## What to produce
From the first line to the last, copy the data exactly and drop the pictures.

## Given information
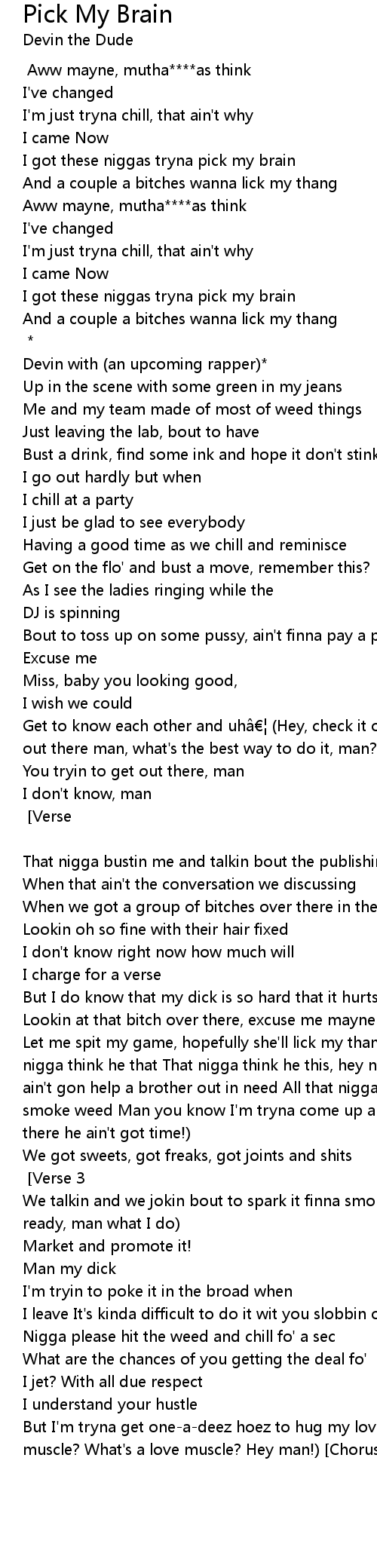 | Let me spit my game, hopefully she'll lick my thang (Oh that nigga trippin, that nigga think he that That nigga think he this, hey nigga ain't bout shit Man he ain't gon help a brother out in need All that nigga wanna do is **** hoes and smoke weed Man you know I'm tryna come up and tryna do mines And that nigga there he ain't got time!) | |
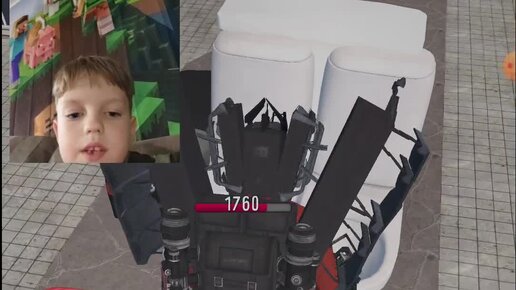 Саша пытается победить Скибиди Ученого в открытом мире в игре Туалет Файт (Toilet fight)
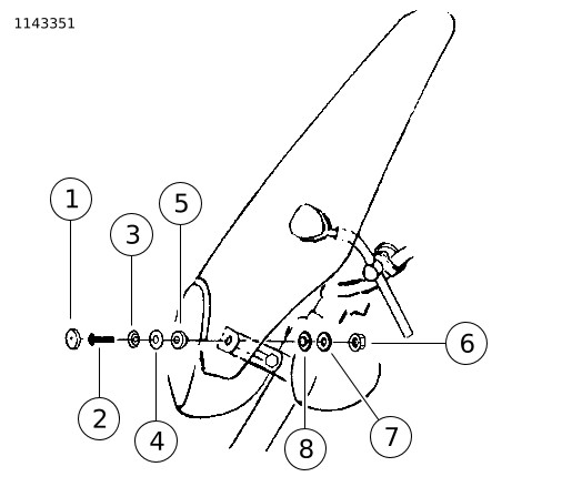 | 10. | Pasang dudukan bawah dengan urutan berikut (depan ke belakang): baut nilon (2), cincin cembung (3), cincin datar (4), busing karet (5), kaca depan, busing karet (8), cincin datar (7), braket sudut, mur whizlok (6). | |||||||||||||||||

## Solution to the exercise
 | Let me spit my game, hopefully she'll lick my thang (Oh that nigga trippin, that nigga think he that That nigga think he this, hey nigga ain't bout shit Man he ain't gon help a brother out in need All that nigga wanna do is **** hoes and smoke weed Man you know I'm tryna come up and tryna do mines And that nigga there he ain't got time!) | |
 Саша пытается победить Скибиди Ученого в открытом мире в игре Туалет Файт (Toilet fight)
 | 10. | Pasang dudukan bawah dengan urutan berikut (depan ke belakang): baut nilon (2), cincin cembung (3), cincin datar (4), busing karet (5), kaca depan, busing karet (8), cincin datar (7), braket sudut, mur whizlok (6). | |||||||||||||||||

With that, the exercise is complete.